Information supplied:
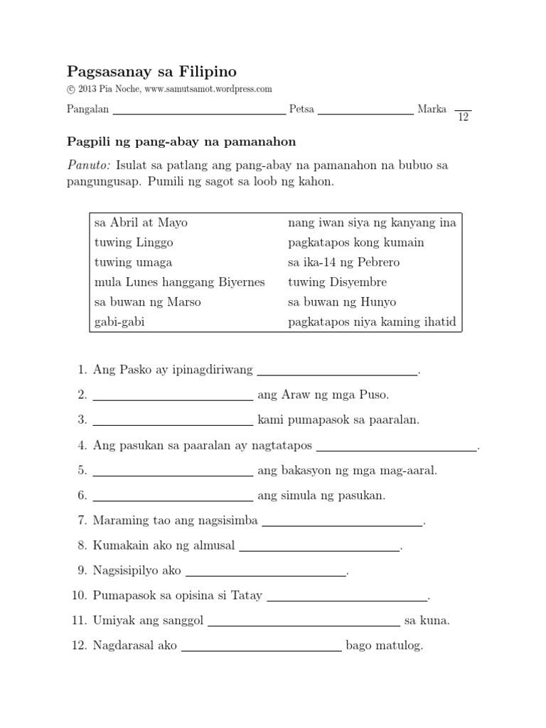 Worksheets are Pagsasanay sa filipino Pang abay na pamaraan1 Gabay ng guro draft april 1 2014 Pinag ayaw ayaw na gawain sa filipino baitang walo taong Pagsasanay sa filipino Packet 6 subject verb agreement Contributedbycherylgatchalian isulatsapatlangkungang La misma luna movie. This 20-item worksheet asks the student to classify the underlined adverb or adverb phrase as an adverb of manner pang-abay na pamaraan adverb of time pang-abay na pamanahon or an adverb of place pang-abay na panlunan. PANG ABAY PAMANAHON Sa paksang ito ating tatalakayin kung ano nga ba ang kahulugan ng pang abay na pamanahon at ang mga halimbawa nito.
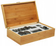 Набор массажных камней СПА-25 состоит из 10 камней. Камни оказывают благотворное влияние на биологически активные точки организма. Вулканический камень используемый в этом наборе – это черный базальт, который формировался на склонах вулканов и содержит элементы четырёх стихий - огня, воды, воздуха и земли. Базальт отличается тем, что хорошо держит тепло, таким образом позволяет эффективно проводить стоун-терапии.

==

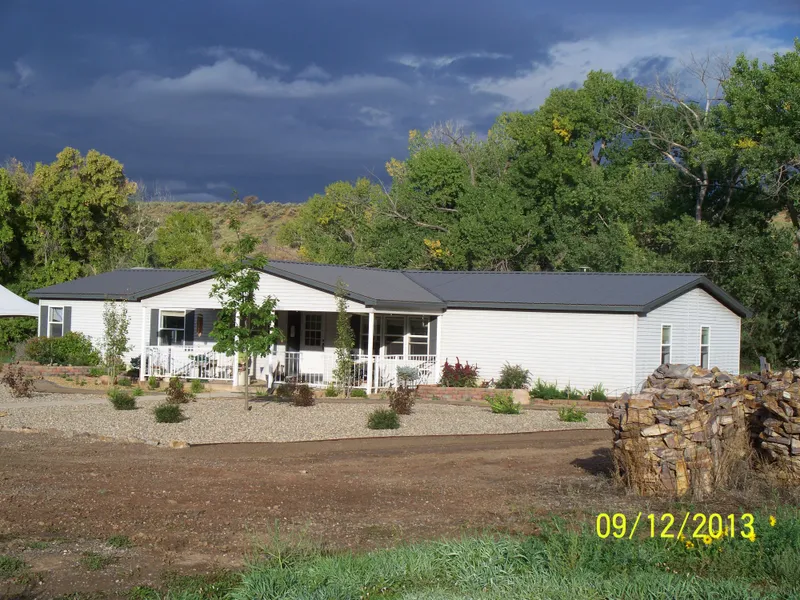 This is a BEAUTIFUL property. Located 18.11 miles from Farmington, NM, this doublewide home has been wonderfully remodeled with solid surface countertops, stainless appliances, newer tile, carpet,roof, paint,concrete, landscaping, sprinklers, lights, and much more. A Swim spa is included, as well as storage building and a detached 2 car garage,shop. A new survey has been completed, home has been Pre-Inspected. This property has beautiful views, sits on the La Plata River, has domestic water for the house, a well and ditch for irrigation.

Aim of the exercise: Using the entries above, repeat exactly the lines from the one with "Worksheets are Pagsasanay" to the one with "Набор массажных камней", both included, and leave the pictures behind.

Result for this exercise:
 Worksheets are Pagsasanay sa filipino Pang abay na pamaraan1 Gabay ng guro draft april 1 2014 Pinag ayaw ayaw na gawain sa filipino baitang walo taong Pagsasanay sa filipino Packet 6 subject verb agreement Contributedbycherylgatchalian isulatsapatlangkungang La misma luna movie. This 20-item worksheet asks the student to classify the underlined adverb or adverb phrase as an adverb of manner pang-abay na pamaraan adverb of time pang-abay na pamanahon or an adverb of place pang-abay na panlunan. PANG ABAY PAMANAHON Sa paksang ito ating tatalakayin kung ano nga ba ang kahulugan ng pang abay na pamanahon at ang mga halimbawa nito.
 Набор массажных камней СПА-25 состоит из 10 камней. Камни оказывают благотворное влияние на биологически активные точки организма. Вулканический камень используемый в этом наборе – это черный базальт, который формировался на склонах вулканов и содержит элементы четырёх стихий - огня, воды, воздуха и земли. Базальт отличается тем, что хорошо держит тепло, таким образом позволяет эффективно проводить стоун-терапии.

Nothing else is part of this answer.